【9月19日 AFP】今年のノーベル文学賞(Nobel Prize in Literature)の発表が見送られる原因となったレイプ疑惑の渦中にいる、ジャンクロード・アルノー(Jean-Claude Arnault)被告(72)の裁判が19日、スウェーデンの首都ストックホルムで開始され、被告は2つのレイプをめぐる罪状を否認した。

 フランス人のアルノー被告は、ノーベル文学賞の選考機関であるスウェーデン・アカデミー(Swedish Academy)の会員で女性詩人のカタリーナ・フロステンソン(Katarina Frostenson)氏の夫であり、ストックホルムで文化人や出版関係者が集まるクラブを経営。米国に端を発したセクハラ告発運動「#MeToo(私も)」が世界規模に拡大するまでは、ストックホルムの文化シーンにおける有力者だった。

 だが昨年11月、スウェーデンの日刊紙ダーゲンス・ニュヘテル(Dagens Nyheter)は、アルノー被告からレイプや性的暴行、セクハラを受けたと主張する女性18人の証言を報じた。

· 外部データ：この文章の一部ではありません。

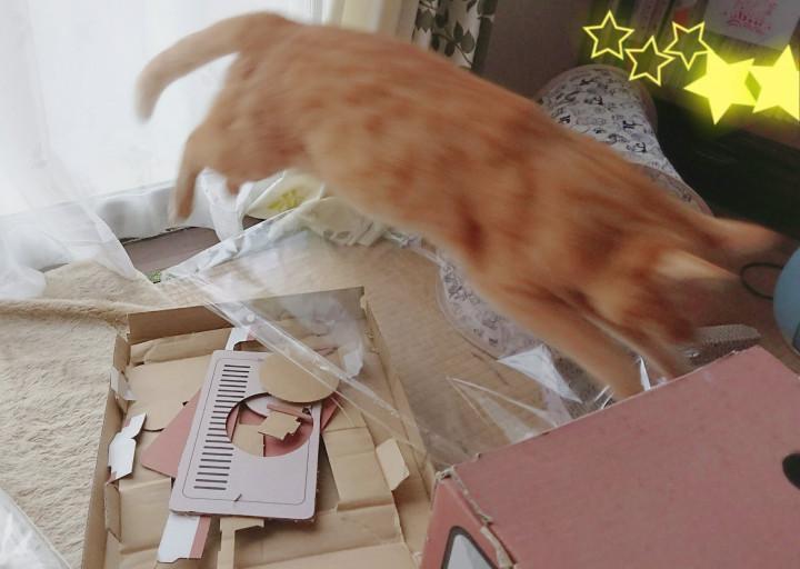 ボロボロになり、買い換えました。組み立て途中からちょっかい。
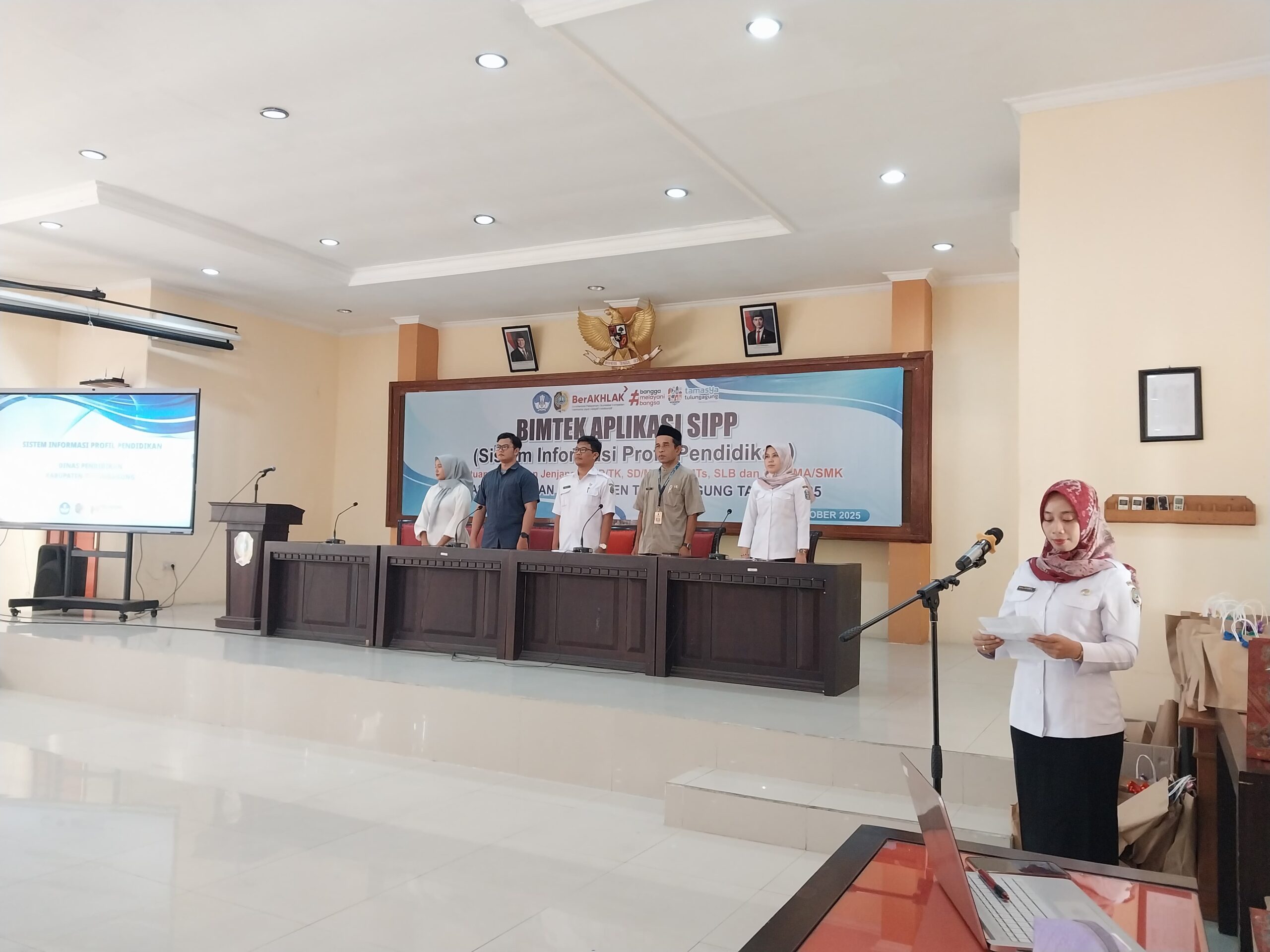 foto: pembukaan bimtek aplikasi sistim lnformasi profil pendidikan di aula dinas pendidikan tulungagung.

 アルノー被告は1人の女性に対するレイプ2件の罪に問われているが、19日の裁判でこれを否認した。今後の裁判は他のレイプ事件同様、被害者保護の観点から非公開で行われる。

 AFPが入手した起訴状の写しによると、アルノー被告は2011年10月5日、ストックホルムのアパートで「激しい恐怖」を抱いた被害者の女性にオーラルセックスと性交を強要した。また同年12月2日から3日にかけての夜にも同じアパートで、眠っていたこの女性をレイプしたとされる。有罪の場合、最高で禁錮6年の刑が科される可能性がある。

■「不快な親密さ」

 このスキャンダルは、アルノー被告と長年緊密な関係にあったスウェーデン・アカデミーを揺るがした。

 アカデミーの内部調査では一部の会員や、会員の妻や娘も、アルノー被告の「不快な親密さ」や「不適切な」振る舞いを経験していたことが明らかになった。

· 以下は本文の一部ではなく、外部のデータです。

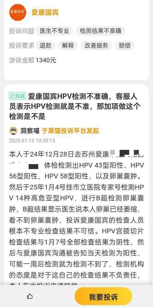 有多位投诉人称在爱康国宾体检数据不准。其中一位称,在爱康国宾的一家苏州分店,2024年12月进行体检,检测出HPV阳性以及卵巢囊肿。2025年1月,她在公立医院进行B超,结果显示,卵巢已经萎缩,看不到卵巢囊肿,HPV检查结果为阴性。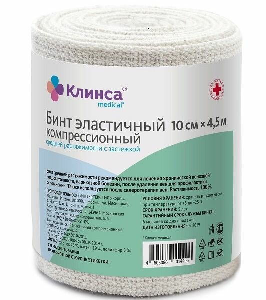 Бинт эластичный средней растяжимости Клинса 450x10см интересное: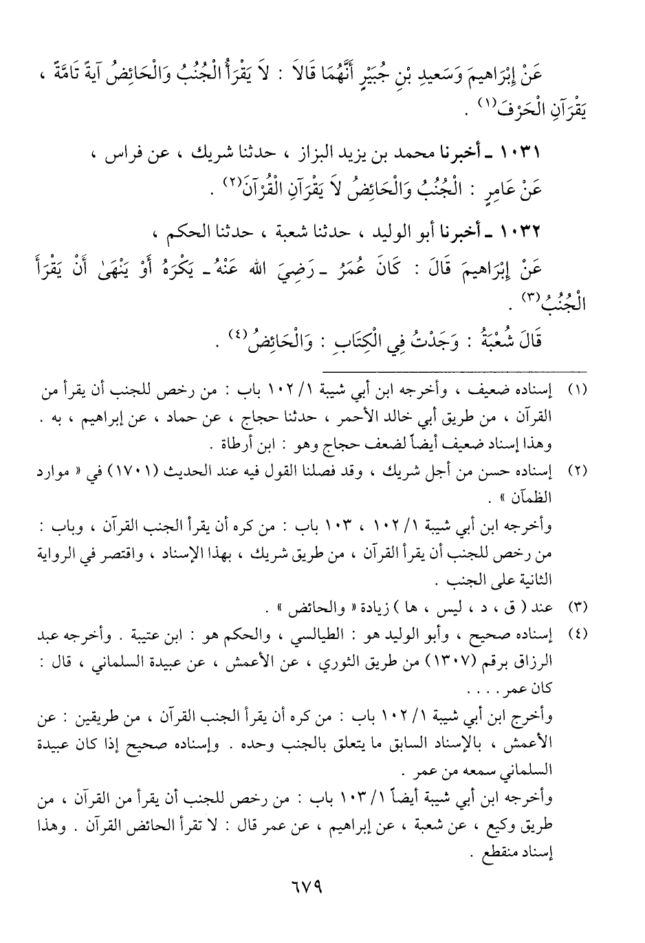 1032 - أَخْبَرَنَا أَبُو الْوَلِيدِ حَدَّثَنَا شُعْبَةُ، حَدَّثَنَا الْحَكَمُ، عَنْ إِبْرَاهِيمَ، قَالَ: كَانَ عُمَرُ رَضِيَ اللَّهُ عَنْهُ، «يَكْرَهُ أَوْ §يَنْهَى أَنْ يَقْرَأَ الْجُنُبُ» قَالَ شُعْبَةُ: وَجَدْتُ فِي الْكِتَابِ: وَالْحَائِضُQإسناده صحيح

 日刊紙にアルノー被告を告発した18人のうちの一人で著述家のエリース・カールソン(Elise Karlsson)さんは、不安定な就労状態だった2008年、27歳の時の体験を昨年11月のAFPのインタビューで語った。「私はまったく関心を示していないのに突然、私のヒップに彼の手があるのを感じた。ショックを受け『私に触らないで』と言って、彼をひっぱたいた」。後にアルノー被告はカールソンさんに寄ってきて、この業界では二度と「仕事は見つからないぞ」と告げたという。

■沈黙の文化

 アルノー被告はスウェーデン・アカデミーの18人の会員と親しかった。

 1786年に創設されたアカデミーは伝統的に高潔さと思慮深さで知られているが、会議での決定は秘密のベールに包まれてきた。そうした権威あるアカデミーについて今回のスキャンダルで暴露されたのは、批判する人々がいうところの「沈黙の文化」や「身内びいき」、「古いマッチョな価値観」だ。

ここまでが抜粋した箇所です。